Recorded data:
--------------------

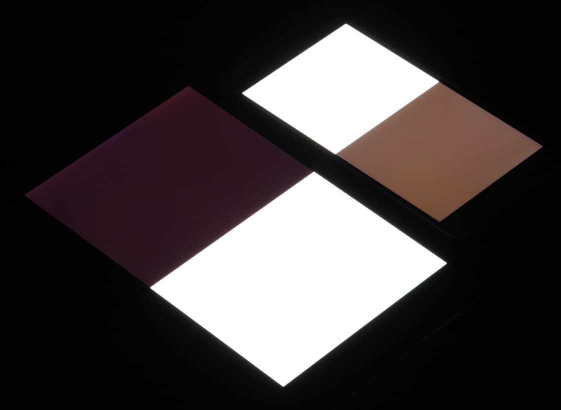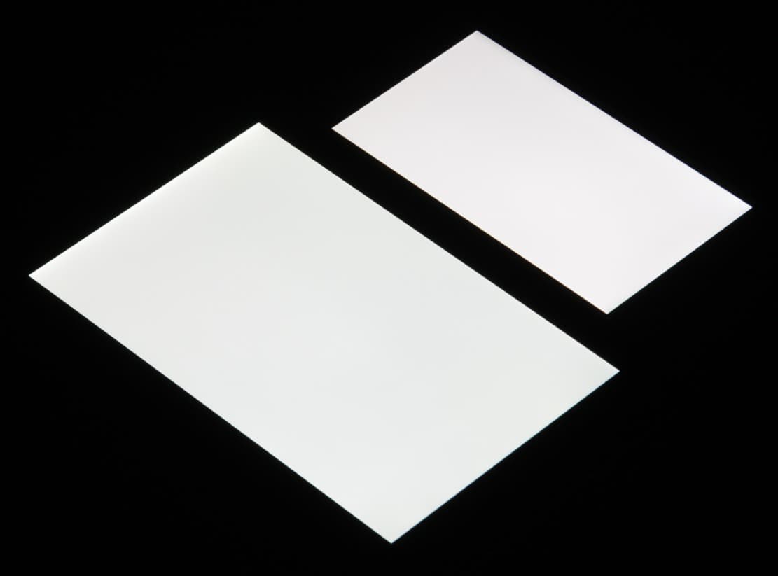 При перпендикулярном взгляде равномерность черного поля неидеальная, так как ближе к краю черный местами высветляется:
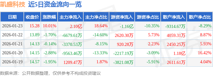 证券之星消息,截至2026年1月23日收盘,凯盛科技(600552)报收于15.28元,上涨10.01%,涨停,换手率7.97%,成交量75.31万手,成交额11.24亿元。
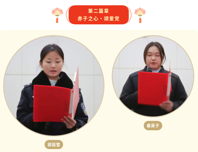 从团圆之夜到百年征程,干警郭茹雪、秦英子用深情的朗诵表达对党的赤诚。《党旗颂》以“你有晨曦一样的颜色”开篇,讴歌了镰刀铁锤的力量和共产党人不变的初心;《把一切献给党》则以“跟你走”为主线,道出了千千万万党员追随党、奉献一切的坚定决心。“千里万里我也不回头,千年万年我也不回头”——铿锵的誓言在会场久久回荡。
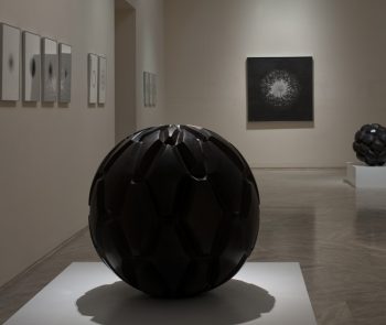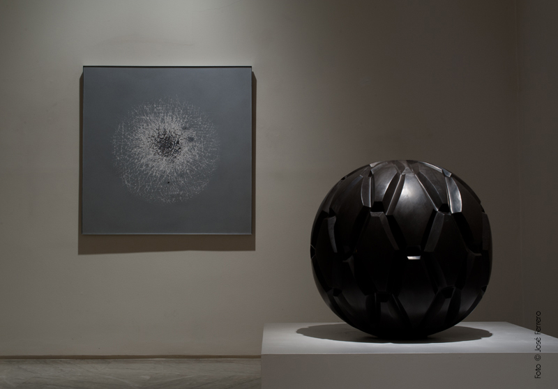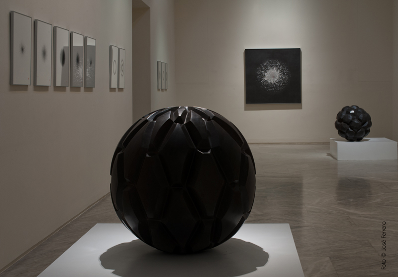 Negro silencio fue un proyecto específicamente diseñado para el Museo de Bellas Artes de Asturias. La muestra estuvo compuesta por una serie de piezas escultóricas, pinturas y dibujos, a través de los cuales el artista japonés reflexionó sobre aspectos tan variados como el origen y la evolución de la vida, los secretos de su formación y el tiempo asociado a la misma, la pervivencia de la energía vinculada a la materia, el misterio insondable de la creación y el papel del artista como demiurgo o hacedor, capaz de insuflar espíritu y aliento poético a todo aquello que toca. Así se apreció en obras como El Transcurrir de la vida…, serie de cuatro piezas instalada en el patio de Velarde que nos mostró la evolución de las formas desde el volumen prístino del cubo perfecto a las formas moleculares, plenas de vida (o de muerte, por asociación con su color negro), presentes en su producción más reciente y moduladas por la mano hábil del artista sobre la dura piedra de Calatorao. Volúmenes pesados (cada pieza supera los 200 kilos de peso) y compactos que contrastaron con la levedad férrica de Hélice y Doble hélice, esculturas instaladas en el mismo patio de Velarde que se desarrollaban como “dibujos en el espacio”, inmortalizando el recorrido y la transformación de la vida. Esta visión se completó en la sala con otras dos estructuras moleculares y, muy especialmente, con sus trabajos sobre el Big Bang, en los que las formas estallaban, nacían y se transformaban a través del fino trazo dibujístico o del kizamu, término polisémico japonés que hace alusión al paso del tiempo pero también a las acciones de rayar, de grabar, y que era utilizado por Tadanori para referirse a una peculiar técnica en la que, a través del paso del tiempo y mediante el rayado insistente (en ocasiones llega hasta las dos mil incisiones) de una mezcla de resina con polvo de mármol, yeso y pintura, conseguía transmitir toda la fuerza expresiva de la gran explosión creadora del Universo.
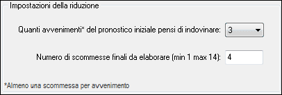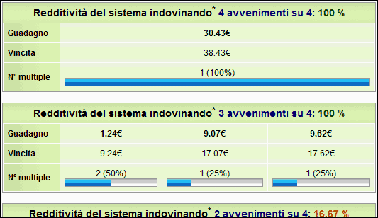 In questo caso indovinando 3 avvenimenti su 4 il sistema garantisce al 100 % un guadagno che va da 1.24 euro a 9.62 euro. Alla riduzione a massima redditività può essere applicata anche la riduzione condizionata. Nella pagina relativa agli esempi sarà possibile visualizzare altri esempi di sistemi ridotti a massima redditività. |
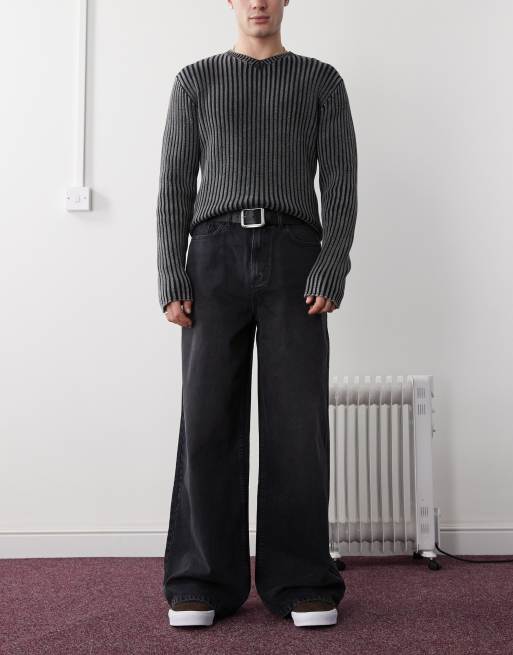 COLLUSION X003 wide leg jeans in washed black - BLACK
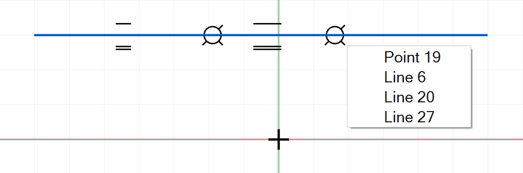 Two sketch entities are constrained to be symmetric about a construction line (e.g., mirrored curves). Note: This constraint can only be applied from the sketch constraint context menu when two entities and a construction line are selected.Select Other This is not a constraint. Select this option when selecting overlapping sketch entities to specify which sketch entity you wish to select.
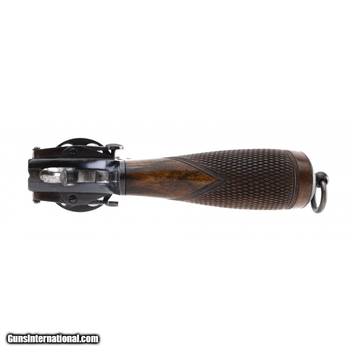 Description: " Advertised in 1884 by the Army & Navy stores as ""The Army & Navy Bulldog Extractor"". Barrel has been shortened to 3.5"". Top of barrel rib is marked ""York House Regent St. London"". The bore is excellent and the revolver works perfectly. Metal has a period deep lustrous blue. Grips are excellent. Left side of barrel is marked ""Webley's No. 4 476CF"". Beautiful condition. This fine revolver is a please to hold in your hand! SOLD Curio/Relic: Yes |
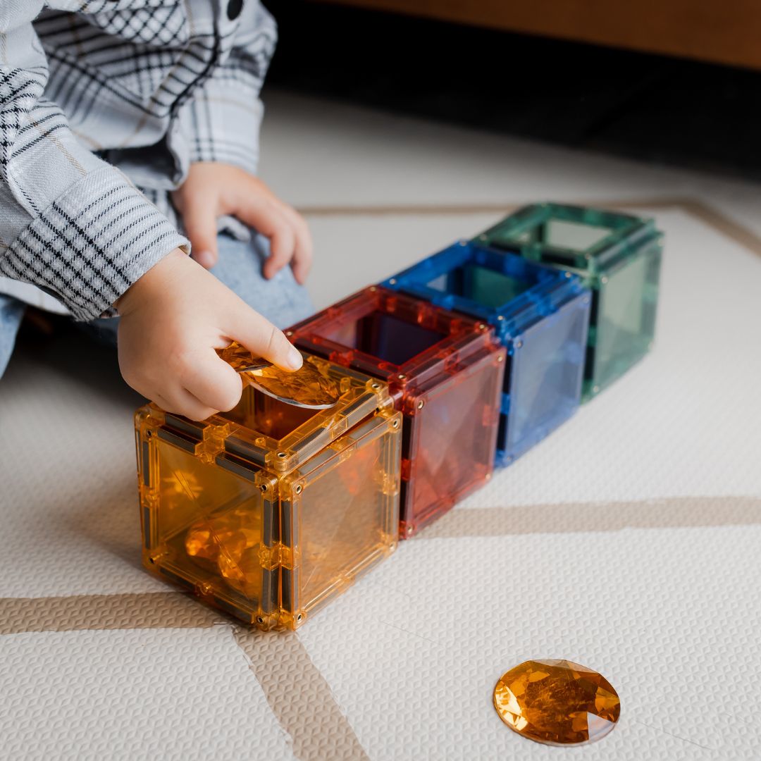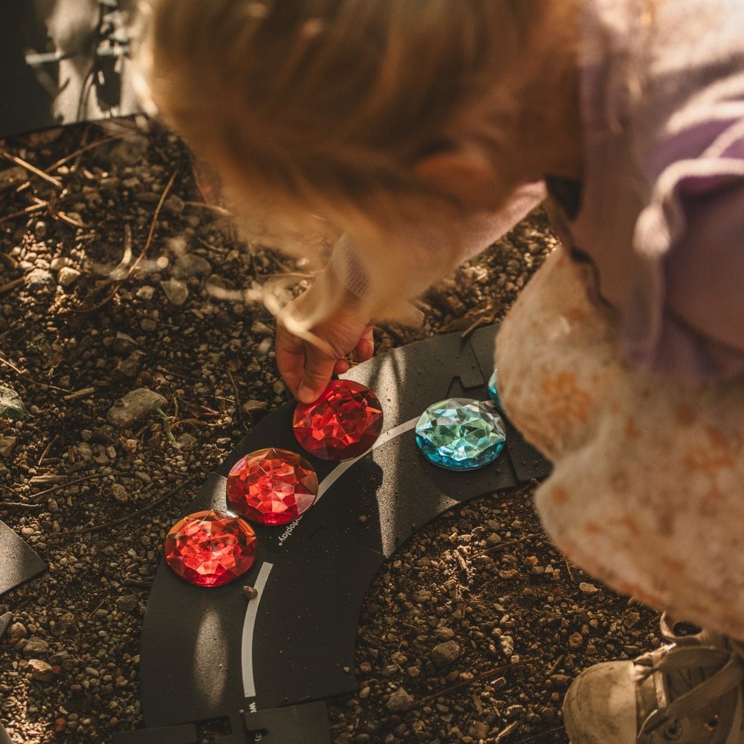 Deze set met 25 super grote glitterstenen nodigt gelijk uit tot spel. Je zult zien dat je kind van alles bedenkt met dit open einde-speelgoed. De glitterstenen hebben een prachtige fonkeling. De stenen zijn perfect te combineren met houten blokken, in het keukentje als etenswaren of in kinetisch zand.

--------------------

TO DO: With the pictures left out, give again exactly the lines from the one that contains "COLLUSION X003 wide" through the final line of the data above.

SOLUTION BELOW:
 COLLUSION X003 wide leg jeans in washed black - BLACK
 Two sketch entities are constrained to be symmetric about a construction line (e.g., mirrored curves). Note: This constraint can only be applied from the sketch constraint context menu when two entities and a construction line are selected.Select Other This is not a constraint. Select this option when selecting overlapping sketch entities to specify which sketch entity you wish to select.
 Description: " Advertised in 1884 by the Army & Navy stores as ""The Army & Navy Bulldog Extractor"". Barrel has been shortened to 3.5"". Top of barrel rib is marked ""York House Regent St. London"". The bore is excellent and the revolver works perfectly. Metal has a period deep lustrous blue. Grips are excellent. Left side of barrel is marked ""Webley's No. 4 476CF"". Beautiful condition. This fine revolver is a please to hold in your hand! SOLD Curio/Relic: Yes |
 Deze set met 25 super grote glitterstenen nodigt gelijk uit tot spel. Je zult zien dat je kind van alles bedenkt met dit open einde-speelgoed. De glitterstenen hebben een prachtige fonkeling. De stenen zijn perfect te combineren met houten blokken, in het keukentje als etenswaren of in kinetisch zand.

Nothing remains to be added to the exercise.